Again and again Darrow wheedled this admission out of witnesses, until the real nature of the “improvement association” was quite evident. But only by sarcasm or innuendo could he shake the general story that there had been no mob. Wasn’t it remarkable that so many people had had so much “curiosity” about the Sweet house on that particular evening?
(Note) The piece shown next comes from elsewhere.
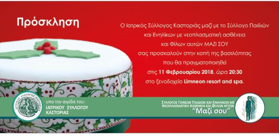 ΚαστοριάΣυμβαίνει στην πόλη Σήμερα η κοπή της βασιλόπιτας του “Μαζί Σου” και του Ιατρικού Συλλόγου Καστοριάς 11/02/2018 Χρυσούλα Κυρατζή Ο Ιατρικός Σύλλογος Καστοριάς και ο Σύλλογος “Μαζί Σου” σας προσκαλούν στην κοπή της βασιλόπιτας, σήμερα 11 Φεβρουαρίου στο Ξενοδοχείο Limneon. Στις 20.30! Μοιραστείτε αυτό το άρθρο:Comments comments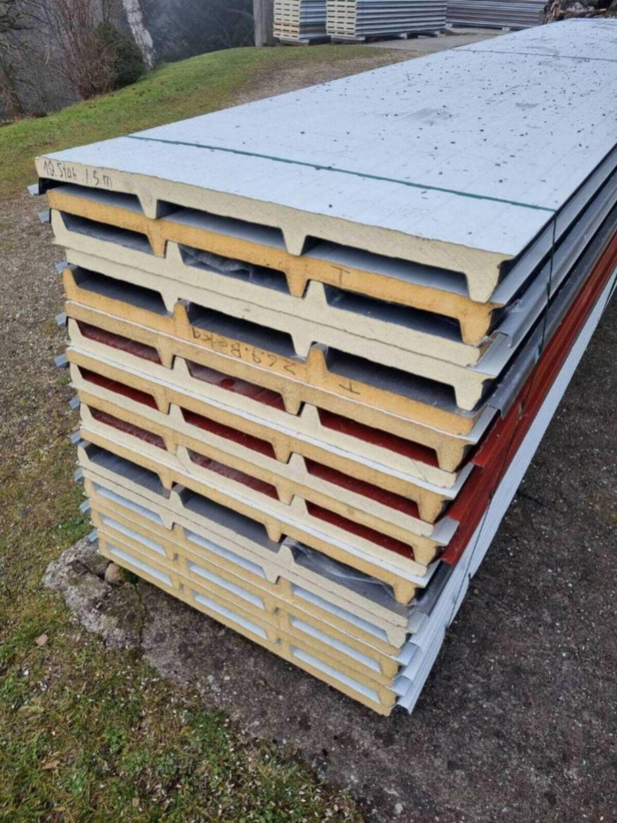 Strešni sendvič paneli z dimenzijami: 40 mm s trapezom 80 mm, širina: 1 m, dolžina: 5 m, antracit, rdeča opeka, srebro, siva, rdeča itd., idealni za manjše prizidke ali nadgradnje, tudi za lope za orodje. Ogled je mogoč po dogovoru. Po potrebi in dogovoru je možna tudi dostava. Dokler zaloge ne poidejo. Cena/m². Cena je pogojna.

Beneath the surface of examination and cross-examination, Darrow and Toms were fighting a subtle duel for the jury’s allegiance. Knowing Darrow’s capacity for righteous indignation and searing invective, Toms did his utmost to treat him with maximum politeness and to avoid the least sign of personal rancor. At one point, encountering his adversary outside the courtroom, Darrow exclaimed, “Goddamn it, Toms, I can’t get going. I am supposed to be mad at you, and I can’t even pretend that I am.” Darrow countered by attempting to inject humor into the case whenever possible. Once when the courtroom burst into laughter over one of his wry remarks, Toms lamented to his assistant, “We’ll never get a verdict of guilty unless we keep the case serious.”
To bolster his argument, the prosecutor compared the Sweet house to an automobile. Suppose, he said, a car with four persons in it was proceeding down a busy Detroit avenue with the curtains drawn. There was nothing unlawful about that. But “suppose that suddenly volleys are fired from four sides of the car, one shot killing a bystander; suppose that on the car being stopped four weapons are found hidden under the cushions or in the pockets of the car; suppose that when arrested none of the four men said a word about the shots except that the driver stated that there would be no more shooting. If we put the Sweet house on wheels, we have exactly the same situation.”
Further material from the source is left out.